The third factor-ratio of income from the acquisition to the total income of the borrower-weighs in Bergman's favor, as the triplex "has never produced any positive net income." (Bergman Decl. ¶ 6.) The fourth factor falls between the parties, as the transaction size was $626,250. While Fidelity National contends this figure "should not be deemed to be small by any measure," neither party introduces evidence of comparable properties or transactions. The Court therefore has no basis in the record to determine whether $626,250 is so disproportionately higher than an average personal loan that it suggests a business purpose.

Finally, the fifth factor looks to the borrower's statement of purpose for the loan. Bergman insists that the purpose of the 2011 loan was to refinance her original mortgage, which was obtained so that she could have a place for herself and her family to live and retire in. This factor weighs in Bergman's favor, as it indicates a more personal purpose for the loan.

Thus, on balance, consideration of the Official Commentary's five factors favors neither party. But the Court would be remiss if it did not consider other relevant factors at play here. The Court finds it particularly relevant that both the 2008 and the 2011 deeds of trust contained a 1--4 Family Rider, which (among other things) waived Bergman's occupancy requirement; assigned the lender all leases, rents, and security deposits; and required Bergman to insure against rent loss. (ECF No. 36-2, at 16; ECF No. 36-3, at 18.) In addition, public records reveal that Bergman's address from before the refinance to the present has been another (her husband's) address.

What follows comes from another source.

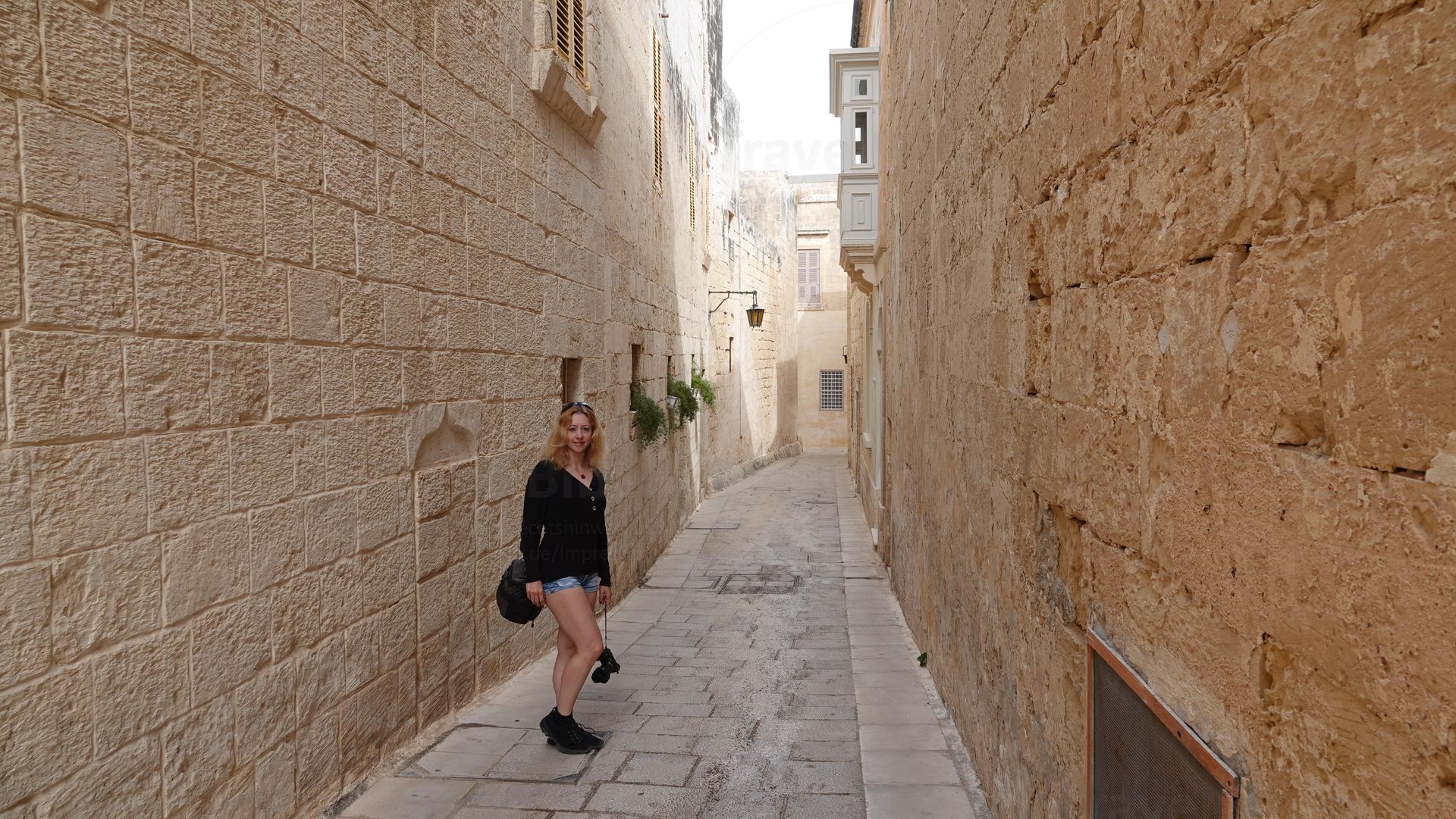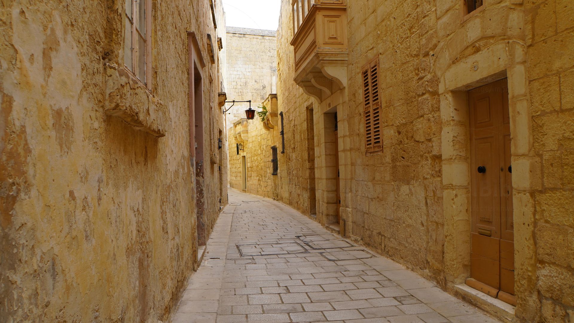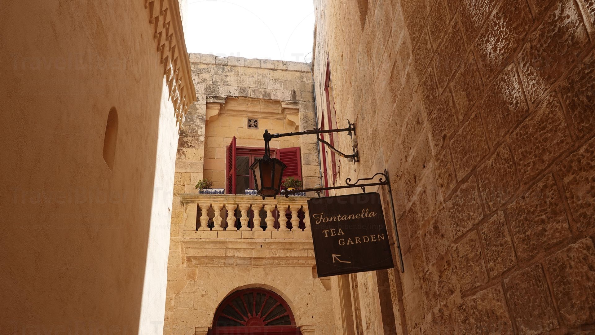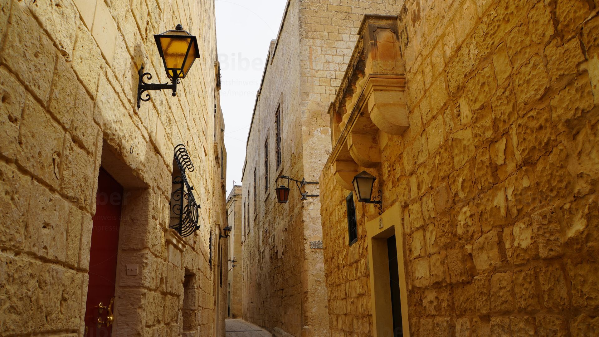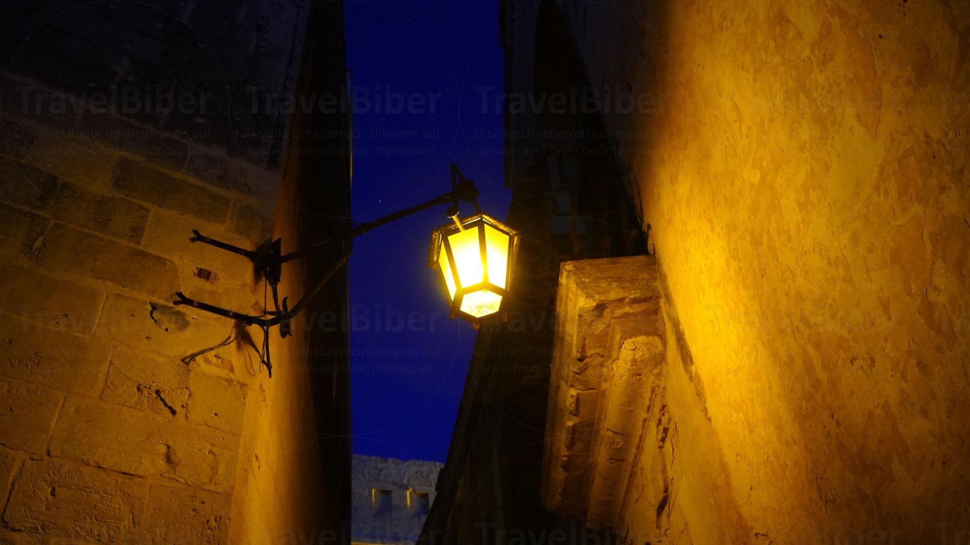 in die Gasse hinein scheinende Sonne lässt die Mauern noch gelber wirken.

These facts, combined with Bergman's real-estate focus in her legal occupation and sole management of the property through a limited liability company, strongly suggest a business flavor to Bergman's loan.

Finally, and somewhat tellingly, the only evidence Bergman submits in opposition to the converted motion for summary judgment going to the personal nature of the loan is a short, self-serving declaration unsupported by any documentary evidence. This borders on "evidence that is merely colorable or not significantly probative," which "does not present a genuine issue of material fact." Addisu v. Fred Meyer , 198 F.3d 1130, 1134 (9th Cir. 2000). Indeed, evidence of the personal nature of Bergman's loan, if any exists, should be uniquely available to Bergman, especially at this early stage of litigation. Nevertheless, Bergman failed to produce any such evidence.

In sum, the Court finds RESPA does not apply to Bergman's transaction under either approach. Bergman's sole claim for violation of RESPA must therefore fail. The Court therefore GRANTS First Fidelity's converted motion for summary judgment.


Because the Court finds that Bergman's 2011 refinance transaction was primarily for business purposes, the Court GRANTS First Fidelity's converted motion for summary judgment and DISMISSES this action in its entirety. The Clerk of Court shall close this case.